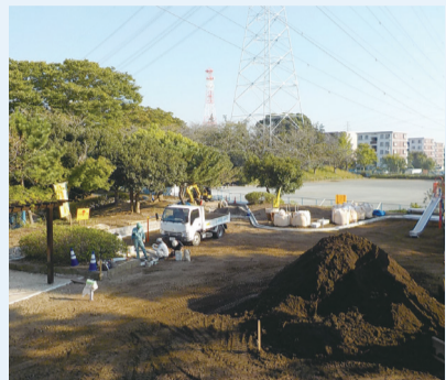
明るく開放的になったいずみ台公園ログハウス周辺。引き続き多目的広場などの工事を実施します。

工事内容や公園が利用できない期間は、各公園に掲示しますのでご覧ください。工事期間中はご不便をおかけしますが、安全で安心な公園にするため、ご理解ご協力をお願いします。
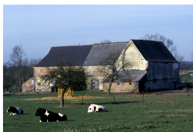
Vue générale, depuis le nord-est.
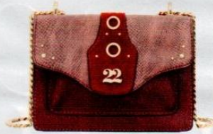
Numeroventidue € 114
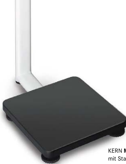
KERN MPS-PM mit Stativ
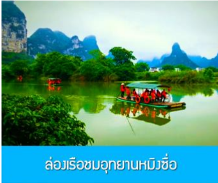
ล่องเรือชมอุทยานหมิงชื่อ
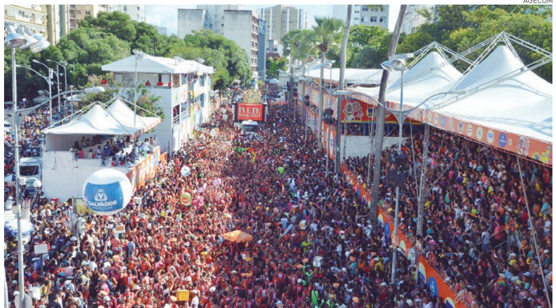
Os ambulantes que trabalharão durante o Carnaval receberão treinamento de 6 a 21 de janeiro, na Semop

A Semop iniciou, sexta-feira, o cadastramento dos ambulantes que irão trabalhar no Carnaval. Conforme a Portaria 194/2014 publicada no Diário Oficial do Município, o cadastramento pode ser feito até o próximo dia 30, através do site www.ambulante.salvador.ba.gov.br . Ao finalizar o processo de cadastramento, o ambulante é informado sobre a data e horário da capacitação para o Carnaval, assim como o dia do licenciamento. O treinamento será de 6 a 21 de janeiro, no auditório da Semop, na Rua 28 de Setembro, Baixa dos Sapateiros, nos dois turnos, e será exigência para o licenciamento dos trabalhadores informais.
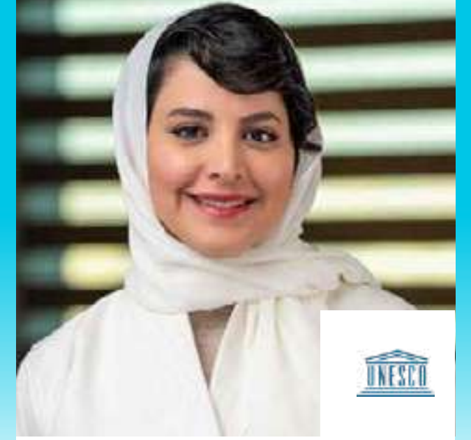
سمو الأميرة هيفاء آل مقرن

ممثل المنظمة الدولية للفرانكوفونية في الشرق الأوسط
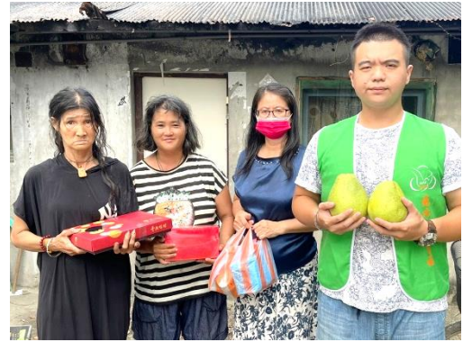
物資發送 募集社會大眾愛心，將各項生活物資經整理後，發送至需要的家庭手中。
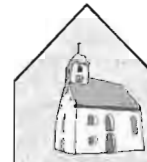
Kirchengemeinde St. Michael - Drackenstein

Kath. Kirchenpflege Gosbach, Kto.-Nr. 8 002 804, Kreissparkasse Göppingen (BLZ 610 500 00). Wir freuen uns über Ihre Spende!
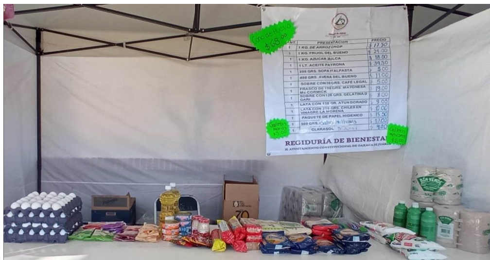
Productos que se ofertan en la venta de la canasta básica a bajo costo.
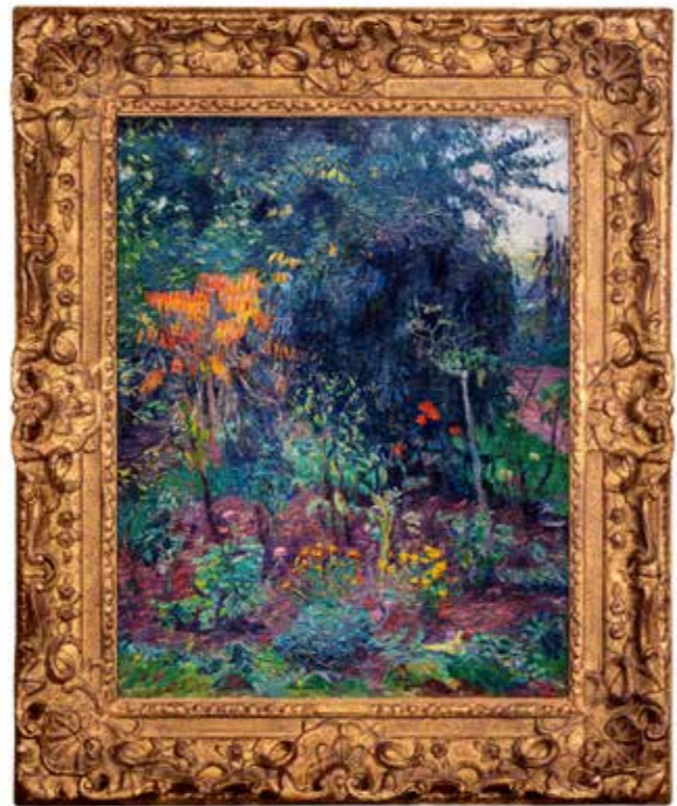
• 保羅·高更《花園一角》

□ □ □ □

● Exercise brief: Reproduce exactly the line containing "ล่องเรือชมอุทยานหมิงชื่อ" and every line after it in the material above, up to and including the last. Exclude all pictures.

● Answer space:
ล่องเรือชมอุทยานหมิงชื่อ
Os ambulantes que trabalharão durante o Carnaval receberão treinamento de 6 a 21 de janeiro, na Semop

A Semop iniciou, sexta-feira, o cadastramento dos ambulantes que irão trabalhar no Carnaval. Conforme a Portaria 194/2014 publicada no Diário Oficial do Município, o cadastramento pode ser feito até o próximo dia 30, através do site www.ambulante.salvador.ba.gov.br . Ao finalizar o processo de cadastramento, o ambulante é informado sobre a data e horário da capacitação para o Carnaval, assim como o dia do licenciamento. O treinamento será de 6 a 21 de janeiro, no auditório da Semop, na Rua 28 de Setembro, Baixa dos Sapateiros, nos dois turnos, e será exigência para o licenciamento dos trabalhadores informais.
سمو الأميرة هيفاء آل مقرن

ممثل المنظمة الدولية للفرانكوفونية في الشرق الأوسط
物資發送 募集社會大眾愛心，將各項生活物資經整理後，發送至需要的家庭手中。
Kirchengemeinde St. Michael - Drackenstein

Kath. Kirchenpflege Gosbach, Kto.-Nr. 8 002 804, Kreissparkasse Göppingen (BLZ 610 500 00). Wir freuen uns über Ihre Spende!
Productos que se ofertan en la venta de la canasta básica a bajo costo.
• 保羅·高更《花園一角》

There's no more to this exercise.